## What to do
Each line below must be set down exactly; omit any image you find.

## Data extract
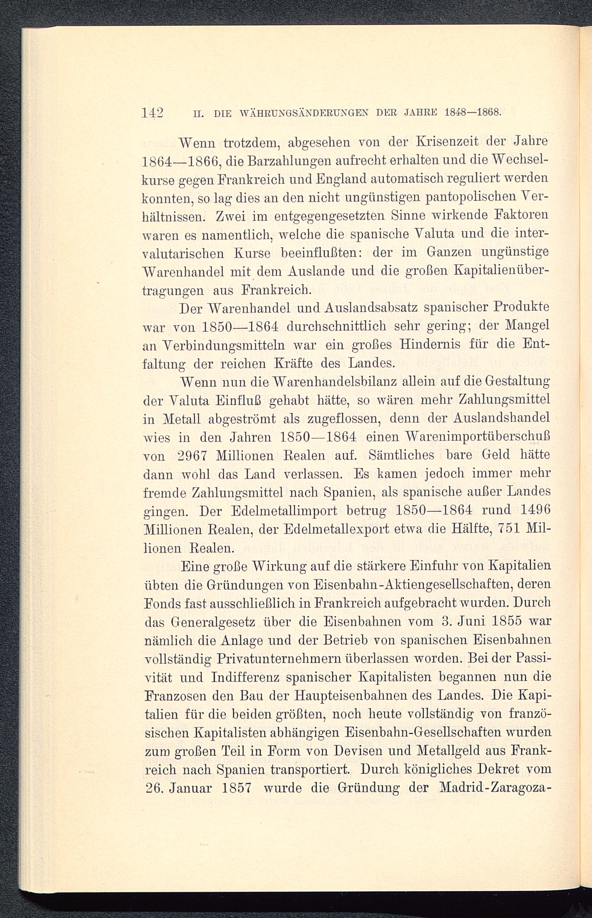 Der Warenhandel und Auslandsabsatz spanischer Produktewar von 1850-1864 durchschnittlich sehr gering; der Mangelan Verbindungsmitteln war ein großes Hindernis für die Ent-faltung der reichen Kräfte des Landes.
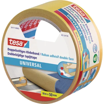 Das tesa® Klebeband Universal ist für eine große Anzahl von Befestigungsanwendungen vielseitig einsetzbar, z. B. beim Verlegen von Teppichen sowie bei Bastel- und Dekorationsarbeiten. Von Hand einreißbar.
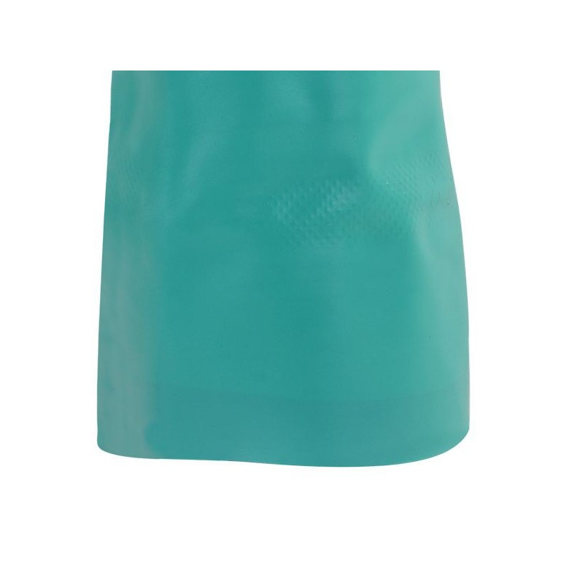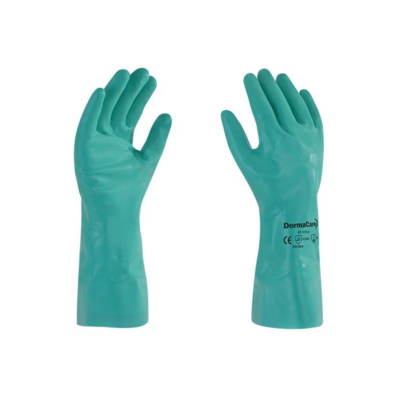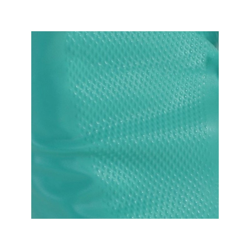 Guante de nitrilo verde de 13" de largo y 13 milésimas de espesor, con puño recto. El nitrilo en una de sus presentaciones mas usadas, ya que por las características de este modelo, con su grosor y diseño, permite alto rango de protección procesos mecánicos e industrias químicas, se recomienda para el manejo de solventes, aceites, pinturas y barnices, el relieve de la palma ofrece mayor adherencia en procesos resbaladizos o con presencia de líquidos. Aceptado por FDA para la manipulación de alimentos.

## The completed task
 Der Warenhandel und Auslandsabsatz spanischer Produktewar von 1850-1864 durchschnittlich sehr gering; der Mangelan Verbindungsmitteln war ein großes Hindernis für die Ent-faltung der reichen Kräfte des Landes.
 Das tesa® Klebeband Universal ist für eine große Anzahl von Befestigungsanwendungen vielseitig einsetzbar, z. B. beim Verlegen von Teppichen sowie bei Bastel- und Dekorationsarbeiten. Von Hand einreißbar.
 Guante de nitrilo verde de 13" de largo y 13 milésimas de espesor, con puño recto. El nitrilo en una de sus presentaciones mas usadas, ya que por las características de este modelo, con su grosor y diseño, permite alto rango de protección procesos mecánicos e industrias químicas, se recomienda para el manejo de solventes, aceites, pinturas y barnices, el relieve de la palma ofrece mayor adherencia en procesos resbaladizos o con presencia de líquidos. Aceptado por FDA para la manipulación de alimentos.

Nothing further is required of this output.